Country-level population size effects:
- Germany, UK, France: Reference 2060 populations ≈ Germany 83M, UK 74M, France 72M. Under Europe+ (more Other Europe/Turkey origins), Germany rises to ~87M, widening its lead (~20M more than UK/France). Under SSA+, Germany ~82M, UK ~76M, France ~74M, narrowing inter-country gaps because SSA migrants are less likely to settle in Germany than in UK/France.
- Smaller/low-immigration countries: Europe+ substantially mitigates decline—e.g., reduces projected population loss by up to ~50% in Latvia, Czechia, and Croatia, and stabilizes Estonia—since migrants from “Other Europe” disproportionately choose these destinations.

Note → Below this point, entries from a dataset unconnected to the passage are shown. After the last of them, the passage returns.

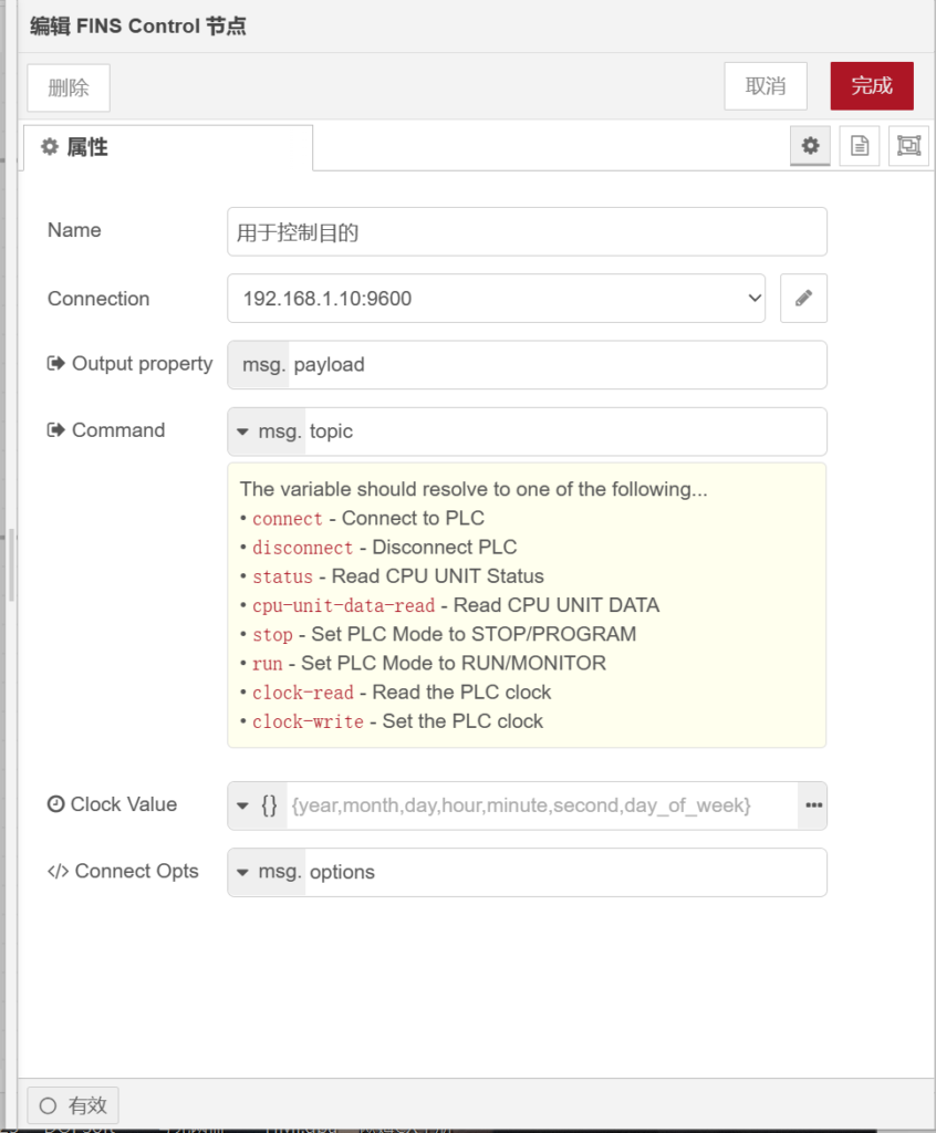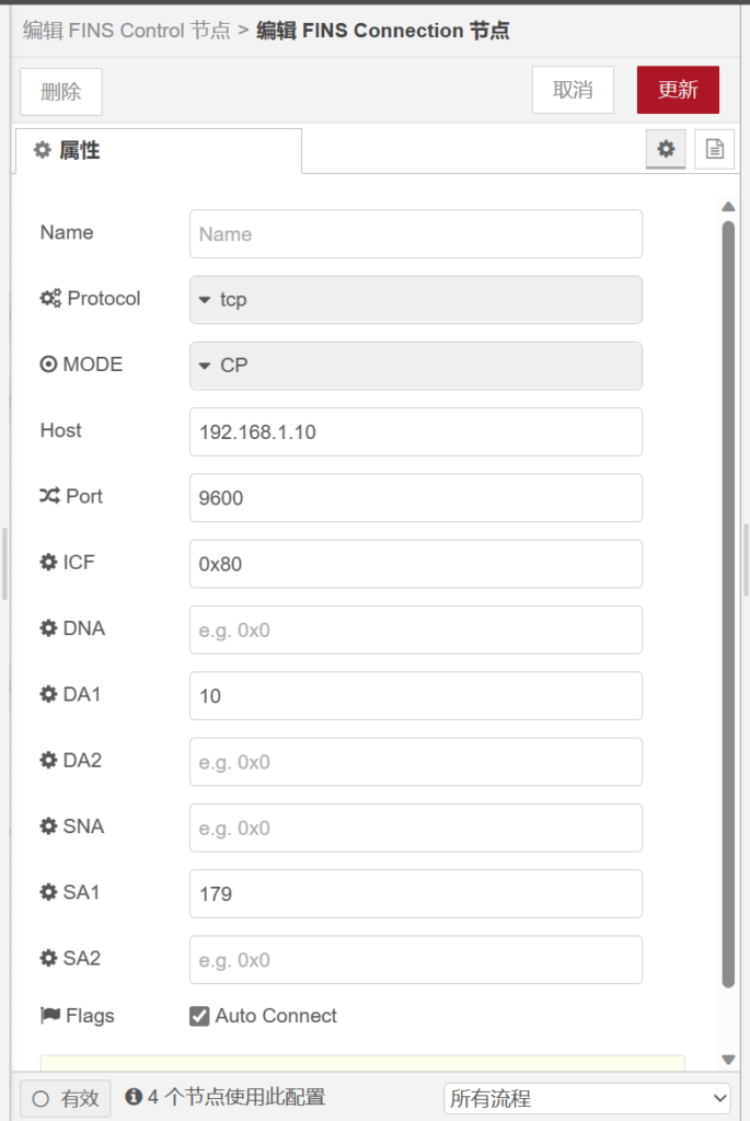 进入【finsconnection】节点,在【protocol】栏选择【tcp】网络通讯,【mode】栏选择【cp】型号,【host】栏输入PLCIP地址,【port】栏输入端口号,【ICF】栏输入【0x80】,【DA1】栏输入IP地址最后几位数,【SA1】栏输入【179】,如下图所示。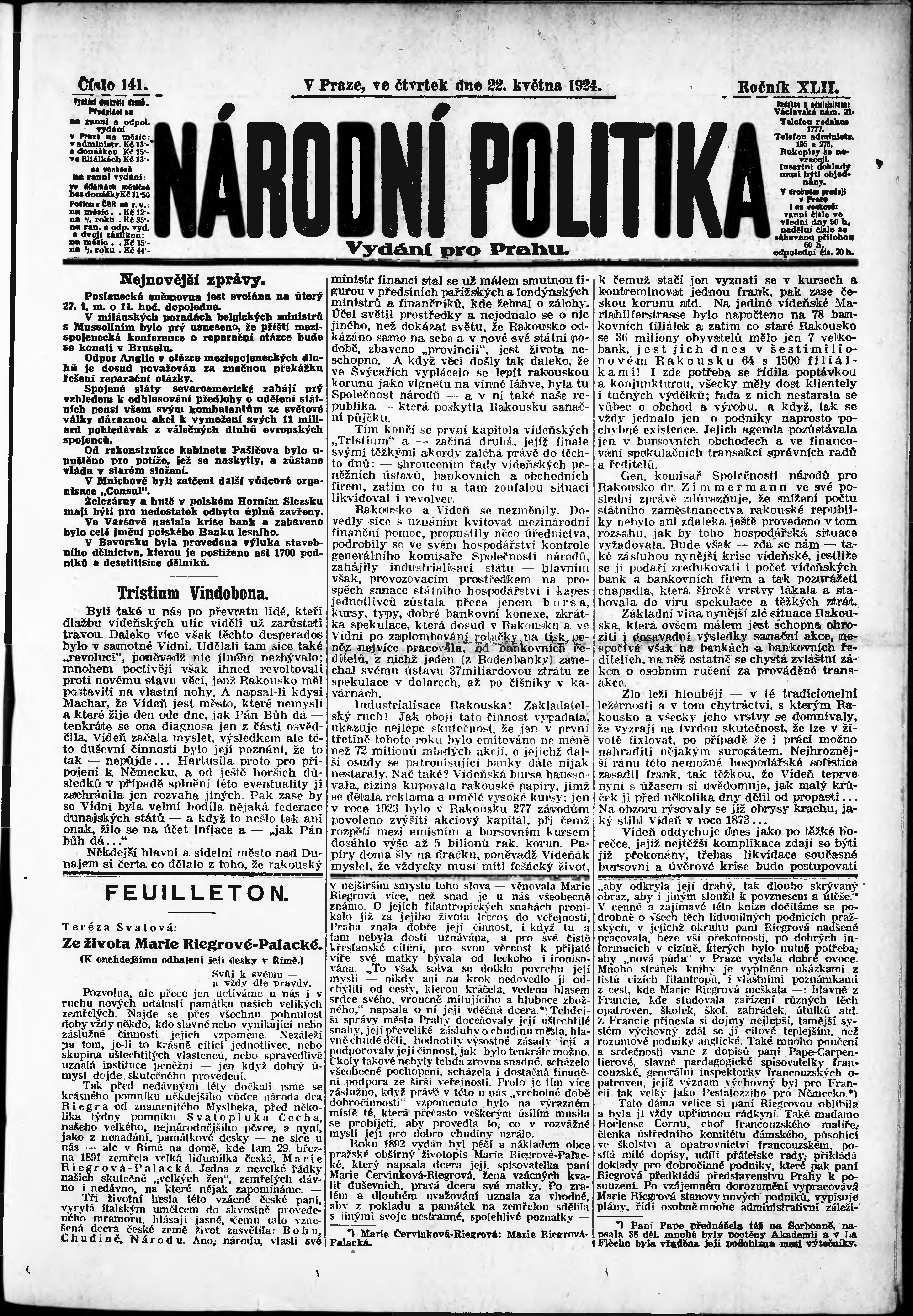 ranní vydání; vydání pro Prahu;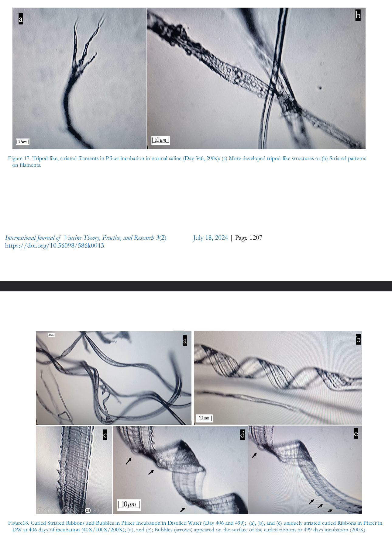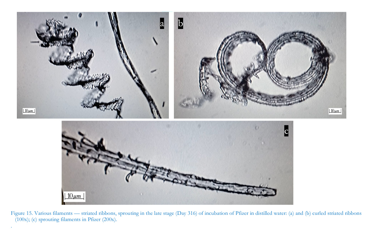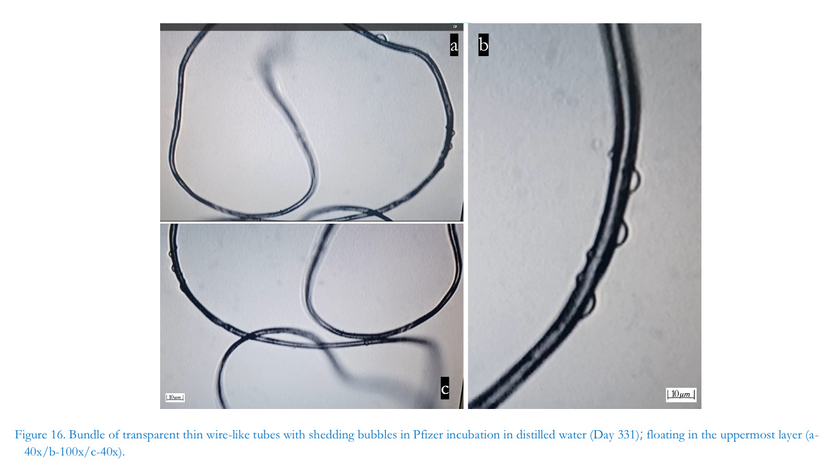 Noteworthy, also, is observed phenomena in the uppermost layer and the middle layer of the culture media likely due to the mass and weight of the structures. During the late stage of incubation of Pfizer in distilled waterat about day 337, transparent bundles of wire-like hollow tubes emerged and, in the uppermost layer, appeared similar in structure to skin extract 2 (another anonymized patient designated simply as E2). These filaments were different in character, however, from ordinary filaments. As of this writing, the tubes have since developed into unique striated curled ribbons. This process of dynamic and changing morphology represents a key signifier of another kind of recycling pattern likely related to injection and the production of skin extracts observable from long-term incubation studies. Furthermore, the bundles and ribbons could be more durable and long-lasting silica, or they may be synthetic graphene-coated polymer nanotubes, or similar nanowires serving as conductors or semiconductors survivable to temperatures from 1000°C to 4,000°C according to the relevant research literature (Hagimă, 2023b).

Dependency ratios at country level:
- Despite sometimes sizable population size differences by scenario, ADR, LFDR, and PWLFDR in 2060 are very similar across scenarios in Germany, UK, France, and in traditionally low-immigration countries (e.g., Latvia, Czechia, Estonia, Croatia). PWLFDR—most sensitive to structural change—shows only moderate increases or near-stagnation across scenarios.

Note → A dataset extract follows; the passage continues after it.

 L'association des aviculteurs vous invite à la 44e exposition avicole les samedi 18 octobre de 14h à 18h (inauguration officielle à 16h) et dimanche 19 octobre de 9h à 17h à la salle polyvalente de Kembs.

Overall conclusion from results: Even large, systematic shifts in immigrants’ origin composition have minor impacts on ageing and labor-force-based dependency ratios; effects on population size are more about spatial redistribution across countries rather than changes in age or economic dependency structures.
Discussion
The limited impact of origin shifts on dependency ratios arises from several mechanisms. First, immigrants’ age advantage and higher initial fertility (for some origins) diminish over time due to ageing and convergence toward native fertility; arrivals in childhood show rapid assimilation in fertility behavior. Second, origin-specific labor market integration differences narrow with duration of stay, especially for men; groups with lower participation never reach a share large enough to substantially depress national participation rates. Third, educational attainment differences by origin affect LFDR and PWLFDR in opposite directions: higher inflows can modestly improve age structure but may slightly reduce average productivity-weighted labor supply if arriving groups are less educated, largely offsetting gains. The findings align with broader evidence that migration has limited impact on aggregate age structures and macroeconomic indicators such as wages and GDP per capita. Policy implications include that the education and labor market integration of immigrants matter more for productivity-weighted dependency than origin composition per se. Removing administrative barriers to labor market access and improving integration policies, especially for women and groups facing structural obstacles, can enhance outcomes. While origin shifts have modest demographic-economic effects, they can meaningfully alter the spatial distribution of population across European countries, with implications for planning and regional policy.
Conclusion
This study is the first to explicitly integrate place of birth as a source of heterogeneity in European population and labor force microsimulations to test sensitivity of outcomes to major shifts in immigrants’ regions of origin. Across scenarios to 2060, origin shifts modestly affect population size at the European level and can reallocate population across countries, but they only marginally influence age structure and leave LFDR and PWLFDR largely unchanged. The main contribution is demonstrating that composition by origin, holding total inflows constant, does not materially alter Europe’s projected ageing or labor-force-based dependency. Future research should: (i) explore scenarios varying immigrants’ educational and skill composition and integration trajectories, (ii) assess policy changes that affect labor market access of newcomer groups, (iii) incorporate uncertainty in destination matrices and network evolution, and (iv) extend analysis to persistent characteristics (e.g., language, religion, ethnicity) and subnational spatial dynamics.
Limitations
Key limitations include: (1) Strong uncertainty around future migration volumes and origin–destination patterns; destination matrix held constant to reflect network persistence, potentially understating future shifts. (2) Assumption of stable immigrant characteristics and integration dynamics over time; real-world policies and economic conditions may alter participation and educational profiles. (3) Data constraints limited origin disaggregation to eight broad regions for non-modeled countries/regions. (4) Focus on selected demographic-economic outcomes (population size, ADR, LFDR, PWLFDR); other persistent dimensions (e.g., language, religion, ethnicity) and subnational heterogeneity are not modeled here. (5) Small between-scenario differences could be eclipsed by plausible changes in other components (fertility, mortality, total immigration levels).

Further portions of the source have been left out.